This is missing what to me is the most important part of the algorithm: a quorum of acceptors must propagate writes to the learners. With just what's shown here, you're not tolerant to network partitions that cause a subset of the "accept" messages to be lost.
That process can of course be optimized in a number of ways that drastically cut down on the network overhead as compared to the naive MxN write pattern, but what's written here is not safe on its own.
Mostly unrelated, but a fun fact about quorums that I enjoy noting whenever I can because it still seems under-explored: A quorum != a majority. Currently most (all?) production implementations I've seen of RAFT and the various Paxoses use "majority" as the quorum algorithm, so the two get mostly conflated.
In my layman understanding: Given a set, a quorum is some method to choosing a sub set, such that any two such sub sets will always have at least one overlapping member.
Majority is one quorum algorithm - given a set [A,B,C], the majorities are: [A,B,C], [A,B], [A,C] and [B,C]. Any two of those sets will have at least one member overlapping.
However, majority is somewhat wasteful, because the latency of these quorum-based algorithms are almost always bound by the slowest member of the quorum - the more machines you need to wait for, the more likely one of them will be outlier-slow.
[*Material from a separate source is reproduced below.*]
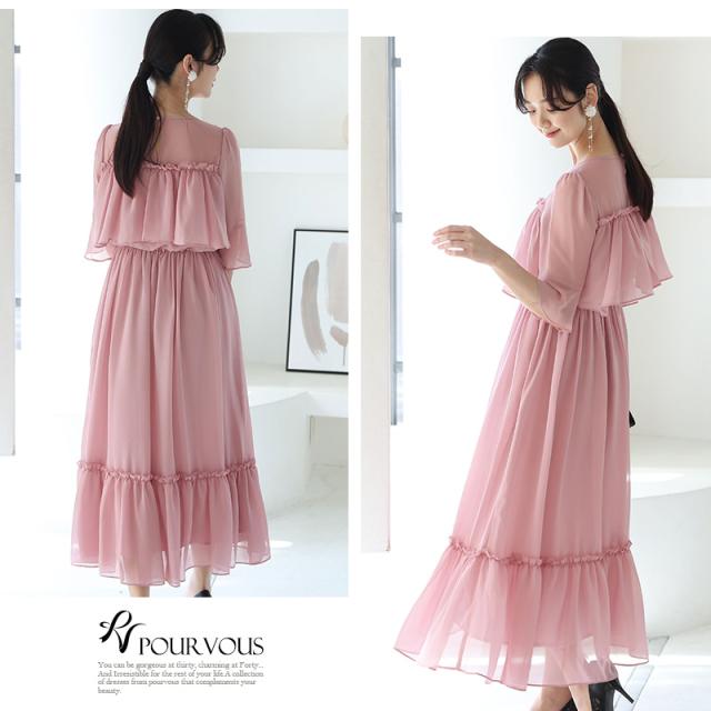 ■デコルテのフリルデザインが大人可愛い

You'd potentially be better off choosing a quorum algorithm that requires less than a majority - because that'd mean, in the best case, fewer responses to wait for, lowering the probability that one of those members will be very slow. There are drawbacks to this - it makes fault tolerance and provisioning harder to calculate - but it's got some cool potential benefits.
I would argue that by the time you've chosen Paxos or some other majority quorum commit protocol, you're already well aware that you're building a CP system, and that availability and latency aren't your main concern. A majority quorum is basically the most obvious (and somewhat brute force) way of providing serializable consistency in the system.
The one non-majority quorum commit protocol that most people are probably already familiar with is the "sloppy quorum" replication in Dynamo systems[1] (e.g. Cassandra, Riak, Voldemort, etc.). Basically, since the quorum is configurable on a per-cluster basis instead of being inherent to the protocol, and usually isn't a majority of the cluster, the system can still make progress when half of the nodes are unreachable. (But of course, as the paper notes, this means that you need to resolve conflicts some other way, which adds a whole bunch of complexity.)
> you're already well aware that you're building a CP system, and that availability and latency aren't your main concern
Assuming you've chosen correctly between CP and AP approaches, this tells us that availability and latency aren't as important as consistency. But there's nothing that says they aren't arbitrarily close...
Yeah, definitely -- I agree that the decision doesn't mean to just to blindly throw away availability optimizations once you've decided that consistency is important.
Actually, invoking CAP probably didn't add to my message. What I meant to say is that people don't talk about non-majority quorum commits that much because the interesting part is that the serializability comes with majority/overlapping quorums.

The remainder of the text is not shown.